[Task statement] All of the listing below must be repeated word for word. Pictures are the only thing to omit.

[Input data]

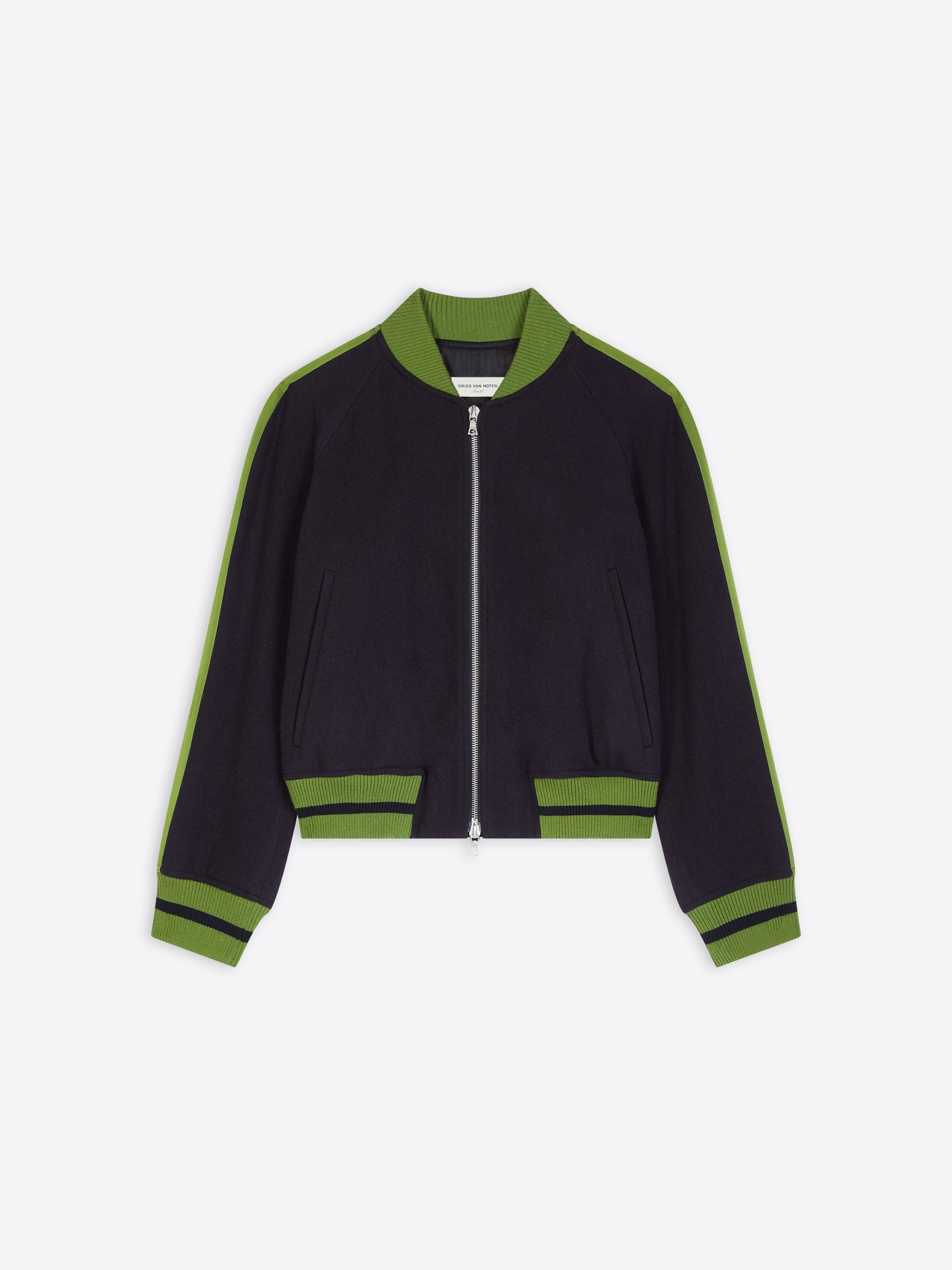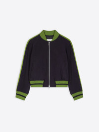 Fitted cropped bomber jacket in wool, with ribbons on sleeve. DETAILS - 94% Wool, 4% Polyamide, 2% Metallic Fiber. Lining: 100% Viscose. - Ribbons on sleeves. - Fitted. Cropped. Elasticated waistband. Front slit pockets. Front two-way zip closure. - Ref: 241-010510-8382 SIZE AND FIT Model is 177 cm / 70 inches and wears size 36.
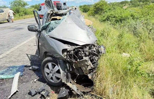 Os dois estavam no veículo de passeio e morreram ainda no local. Os corpos ficaram presos às ferragens e precisaram ser retirados com auxílio de equipamentos específicos.
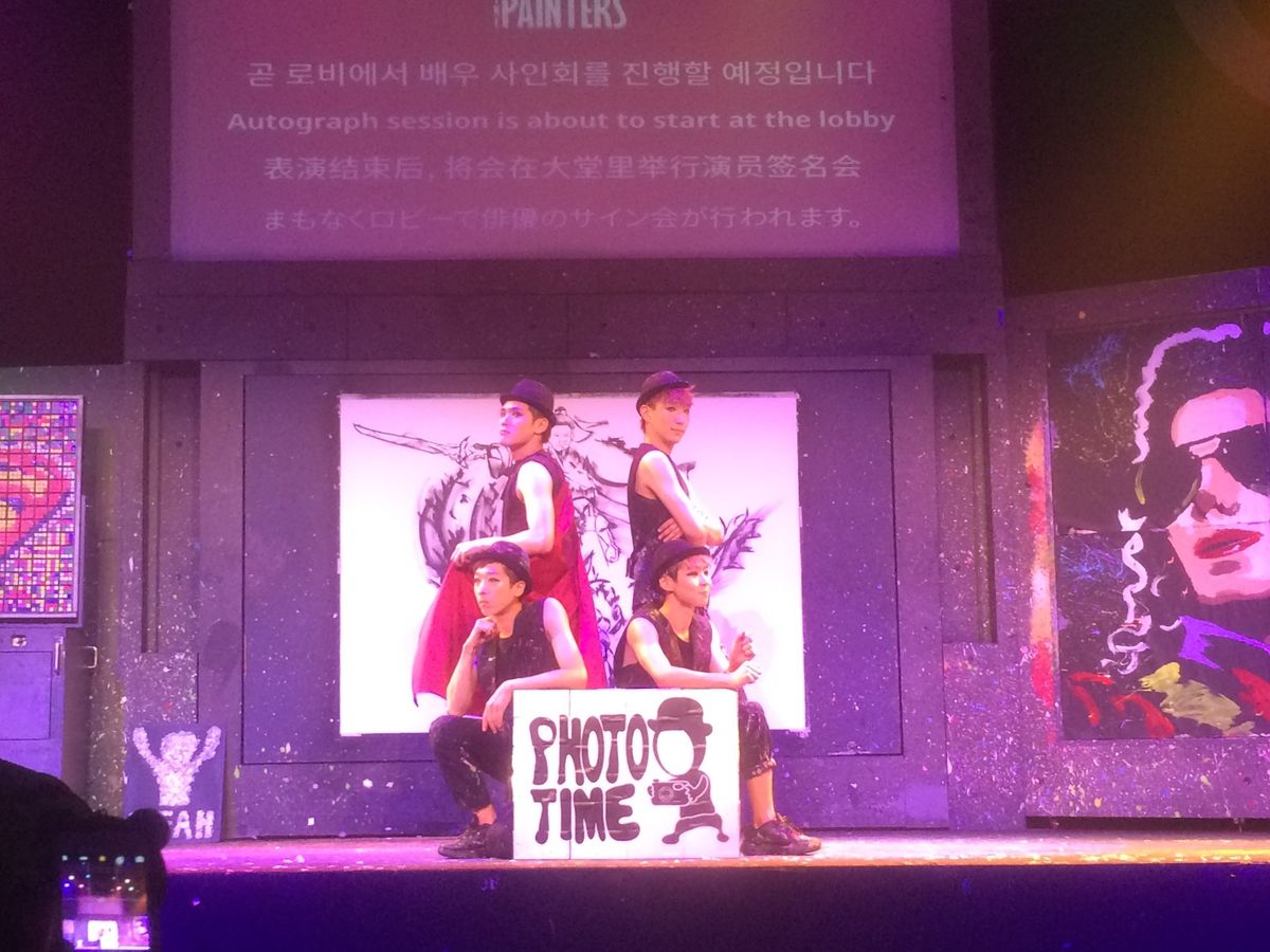 ペインターズは日本のテレビで紹介されたり、評判は聞いていましたが、実際に見て予想以上に楽しめました。4人の描いた絵を合わせたらマイケル・ジャクソンが完成したり、その他リズミカルで、描かれる絵はとても上手で、また見てみたいと思えるショーでした。

[Solved problem]
 Fitted cropped bomber jacket in wool, with ribbons on sleeve. DETAILS - 94% Wool, 4% Polyamide, 2% Metallic Fiber. Lining: 100% Viscose. - Ribbons on sleeves. - Fitted. Cropped. Elasticated waistband. Front slit pockets. Front two-way zip closure. - Ref: 241-010510-8382 SIZE AND FIT Model is 177 cm / 70 inches and wears size 36.
 Os dois estavam no veículo de passeio e morreram ainda no local. Os corpos ficaram presos às ferragens e precisaram ser retirados com auxílio de equipamentos específicos.
 ペインターズは日本のテレビで紹介されたり、評判は聞いていましたが、実際に見て予想以上に楽しめました。4人の描いた絵を合わせたらマイケル・ジャクソンが完成したり、その他リズミカルで、描かれる絵はとても上手で、また見てみたいと思えるショーでした。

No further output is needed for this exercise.